Recessed Spandrels

Typical "Chicago Frame" elevation with recessed spandrels and promoted columns

After a month or so of working on 1920s skyscrapers, I’m moving my research focus to the really classic stuff, particularly the Holabird & Roche buildings of about 1897-1910.  These are usually called the “Chicago Frame” buildings and they have a really distinct set of characteristics–large tripartite windows (big plate glass center for light, small double-hung units around this for air), brick or terra-cotta covered steelwork, and some articulation at the top (usually a light cornice) and base.

One thing these buildings share with the later 1920s structures is a vertical emphasis on their facades.  This is something that Sullivan called for in “The Tall Office Building Artistically Considered,” and something that he, Holabird and Roche, and later Art Deco architects all accomplished through a simple trick.  When designing these facades, architects divided the elevation into three elements–the windows themselves, vertical ‘jackets’ around the columns, and horizontal panels underneath the windows, spandrels, that formed a short upstand on the interiors.

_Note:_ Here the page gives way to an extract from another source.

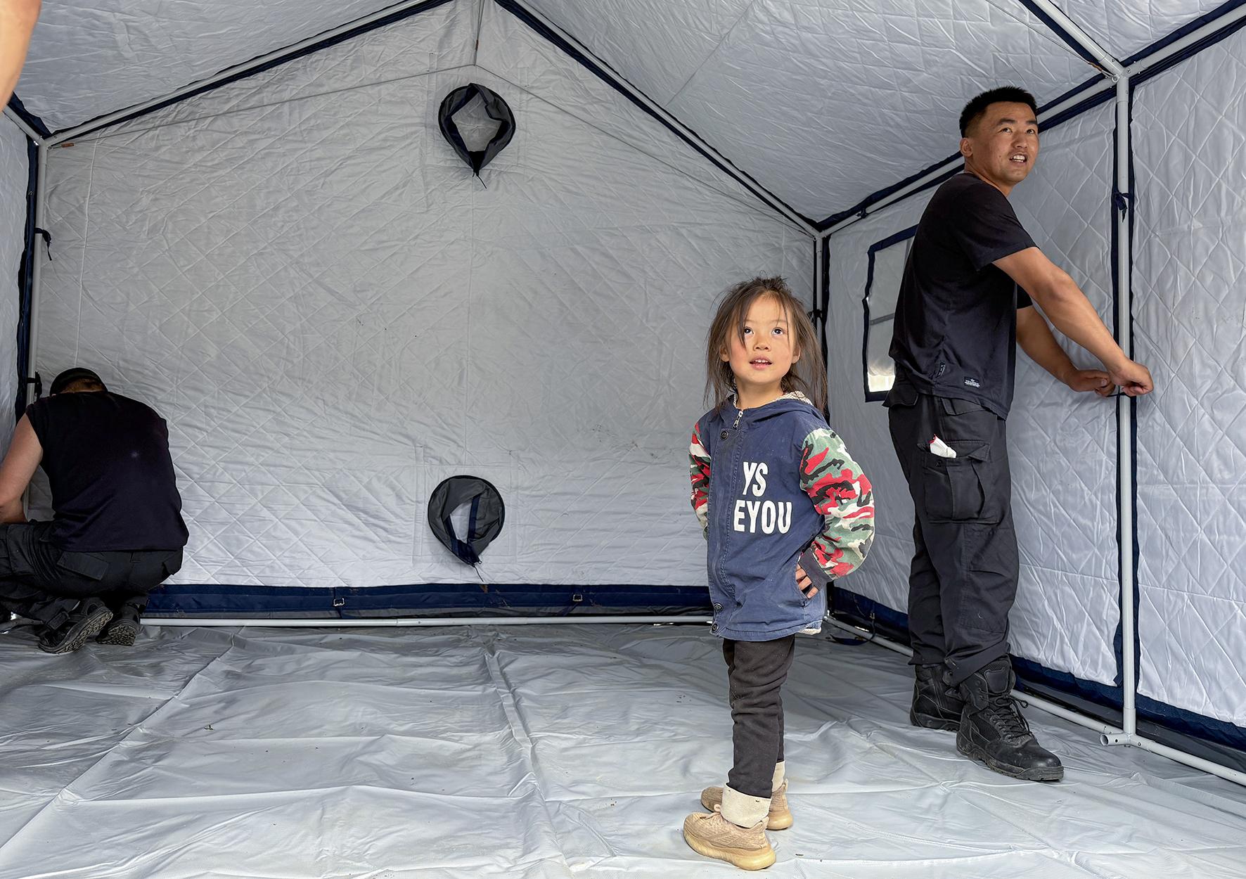 8月14日,苏明凯和张云峰在帐篷里和瑶瑶拍合影。金万贵 摄

These were functionally necessary for the offices inside.  Glass couldn’t be tempered yet, and thus had to be protected from kicks or bumps.  Furniture needed something solid to bump up against, and office workers would certainly have been disturbed by windows that went all the way to the floor (most still are).  On the elevation, though, they offered an opportunity to express a hierarchy, or grain, in the facade.  By setting the spandrels against the inside edge of the columns, architects could emphasize the columns, which would thus stand just a bit forward.  The vertical ‘stripes’ on the facade would thus be continuous, while the horizontal ‘stripes’ formed by the spandrels would be broken at each column.  The effect was to emphasize height, but this also created a layering of vertical and horizontal grids on these facades, expressing the grid of steel structure behind.

Such layering could be quite complex and rich–the 1900 Ayer Building, by Holabird and Roche, uses terra cotta throughout the facade that allowed an incredibly fine grain of repeated lines that seem almost woven together.  Spandrels of the art deco era tended to be smaller–one window width instead of one column bay–and designers figured out that by making them a different, darker material, they could practically disguise the floor plates entirely, creating a much more relentless verticality in their compositions.

Interestingly, both Holabird & Roche and Louis Sullivan abandoned this approach on their big department stores.  The Boston Store, Mandel Bros., and Carson’s (all still standing at the intersection of State and Madison) all have planar frames with no recessed spandrels at all (Mandel Bros. is recessed by about 2″, on further study).  Still trying to figure out why this approach would have been more appropriate on a department store, but this was more the approach used by Burnham on his neo-classical blocks of 1907-1913.

Anyway, a neat trick, and the one trope that seems to tie together Sullivan, the Chicago Frame buildings, and the later generation of Art Deco.